I downloaded the Anyrail free demo. I have yet to use it, I plan on checking it out when I get back home, but from what I saw on the site it looks very nice. I will obviously try before I buy it, but it looks to fulfill my needs


----------



## fcwilt (Sep 27, 2013)

In terms of pure power and advanced features:

http://www.trackplanning.com/download.htm


----------



## CTValleyRR (Jul 26, 2014)

fcwilt said:


> In terms of pure power and advanced features:
> 
> http://www.trackplanning.com/download.htm


Tried that. Learning curve was WAAAAY to steep for me.


----------



## fcwilt (Sep 27, 2013)

CTValleyRR said:


> Tried that. Learning curve was WAAAAY to steep for me.


It's really pretty simple once you understand the basics but it's a bit hard to get started on your own.

If we sat down together I could have you up and using a lot of the main features inside 1/2 hour or less.

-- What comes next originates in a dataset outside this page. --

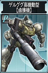 連邦側報酬 ゲルググ高機動型【鹵獲機】 HP:3700 回避:27 装甲:44 盾なし 速度:26m/s 移動:汎用(歩行) ビーム・ナギナタ 命中:74 威力:134 格闘攻撃 射程: 0m~ 40m 移動攻撃:× ロケット・ランチャー 命中:75 威力:208 間隔:2.20秒 射程: 40m~475m 移動攻撃:○ 搭載:19 |

When I first started with the program I just tried to figure it out. That didn't work so well. Then I downloaded and used the manual. That made a big difference because it walked you through step by step.


----------



## NumberOne (Sep 19, 2012)

*Easement support*

Anyrail has full support for flextrack easements. SCARM is a relative newcomer but 
as (effectively) freeware, it's becoming more prevalent. The Anyrail UI
also takes some getting used to, but the track libraries are awesome.


----------